In Tampa courtroom, missing spouse won't stop divorce
By Jessica Vander Velde, Times Staff Writer
In Print: Monday, September 28, 2009
Judge Scott Stephens handles divorce cases in which no lawyers are involved. Sometimes he sees people who have no idea where their spouse is. “I had one woman who hadn’t seen her husband in 40 years,” Stephens says. While some cases are tense, many are very happy. Each lasts about five minutes.
TAMPA — Juliana Cooper went to Judge Scott Stephens' courtroom seeking a divorce, a new last name and a fresh start. But she had no idea where her husband was. She hadn't seen him in a decade.
"I'm assuming he's still alive," she said.
People like Cooper aren't unusual in Stephens' Tampa courtroom, and this scene replays throughout Florida.

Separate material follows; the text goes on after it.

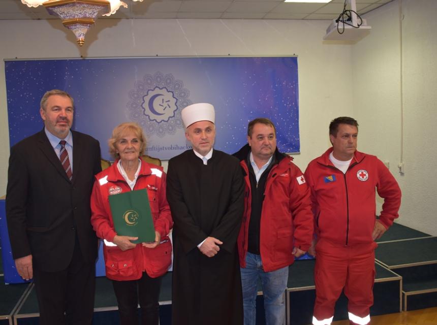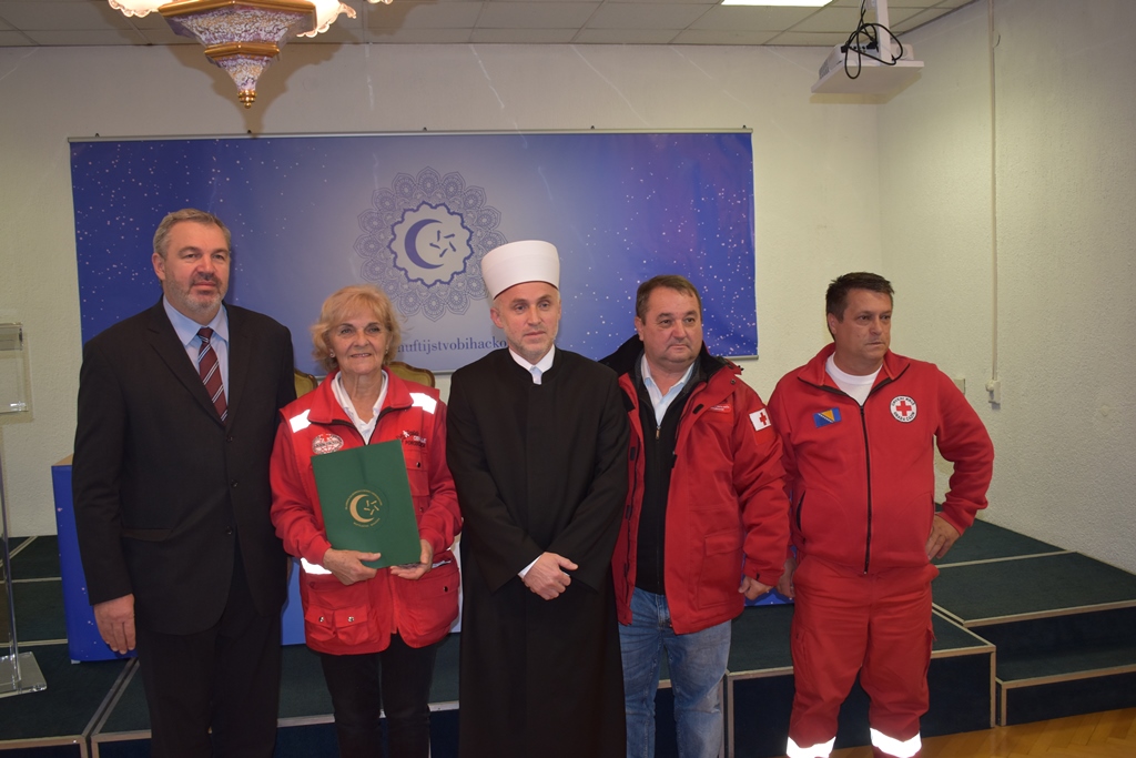 Predsjednik crvenog križa je uručio muftiji bihaćkom hafizu Mehmed-ef. Kudiću zahvalnicu za angažman i posvećenost muftijstva u pomoći onima o kojima se brine Crveni križ.

Larry Glinzman, spokesman for Community Legal Services of Mid-Florida, said the situation even has a name: disappearing spouse syndrome.

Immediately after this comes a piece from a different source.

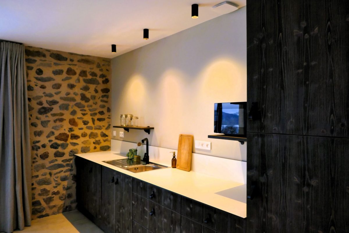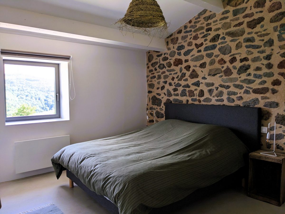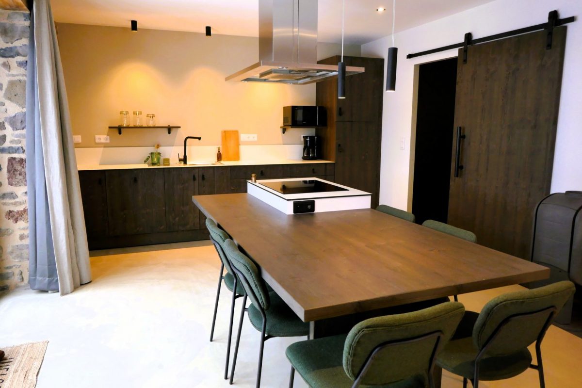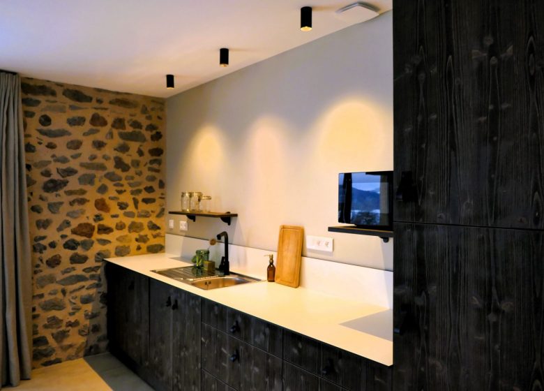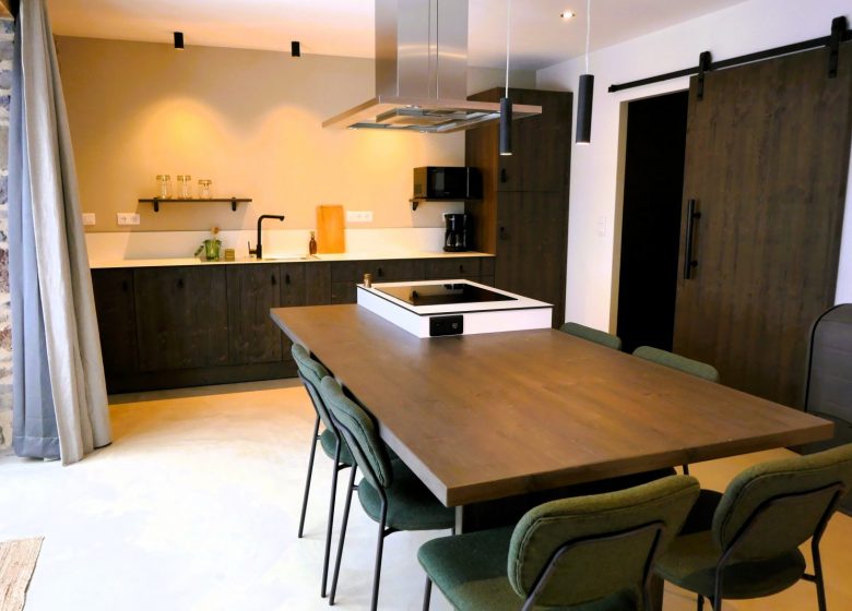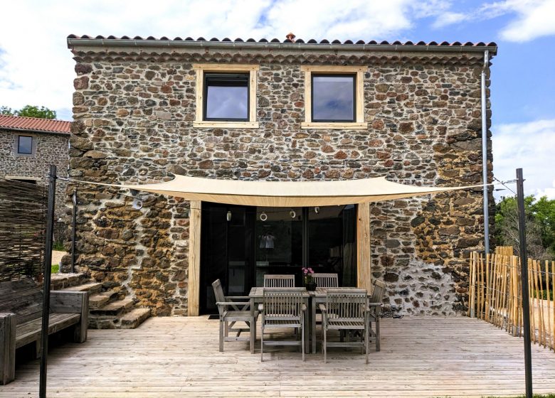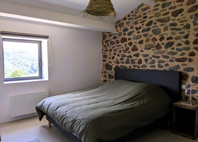 Ce bâti a été rénové avec une sensibilité écologique (utilisation de matériaux nobles : bois, pierre, acier, …, isolation et peintures écologiques, sols en béton ciré, quelques meubles anciens détournés et/ou relookés (tables nuit, commodes, etc …), clôture extérieur en bois local (noisetier et châtaignier), tri sélectif proposé, composteur dans la propriété, produits d'accueil gel douche corps & cheveux et produits d’entretien écologiques, …

It's a phenomenon that happens around the Tampa Bay area.
"I see these people come in, and they've been separated a long time — "he went back to Jamaica" or "she went up to Alabama," said Pinellas-Pasco Circuit Judge Peter Ramsberger, who handles family law cases.

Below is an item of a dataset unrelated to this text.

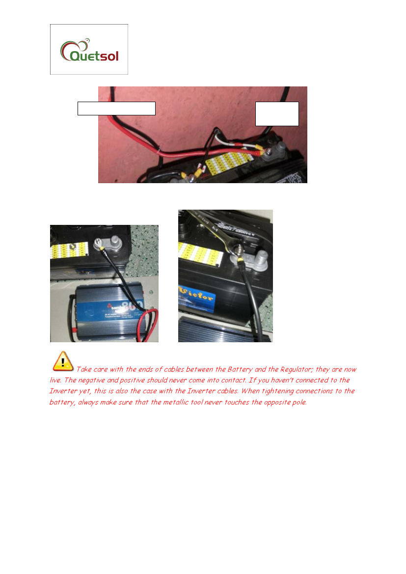 Take care with the ends of cables between the Battery and the Regulator; they are now

He said he makes sure the person has conducted a diligent search to find the missing spouse, as required by law, before granting a divorce.
Attorneys and judges in the bay area don't keep numbers on these cases, but say they're not unusual.
Take Tampa's Sheryl Watts.
She hasn't seen her husband in 16 years, ever since he left her just two weeks after she stood with him at the altar in a blue dress.
"And he hasn't come back looking for you in all that time?" Stephens asked her on a recent afternoon.
"I don't think so," she said, laughing.
When Hillsborough couples seek divorces without lawyers, they end up in Stephens' court. He's seen them all: doctors and factory workers, couples in their 80s and others in their 20s, people married for decades and those who realized their mistake just months after the wedding.
Each week, he hears about 16 hours' worth of cases, most of them quick and painless. The feuding, if any, usually happens earlier in mediation.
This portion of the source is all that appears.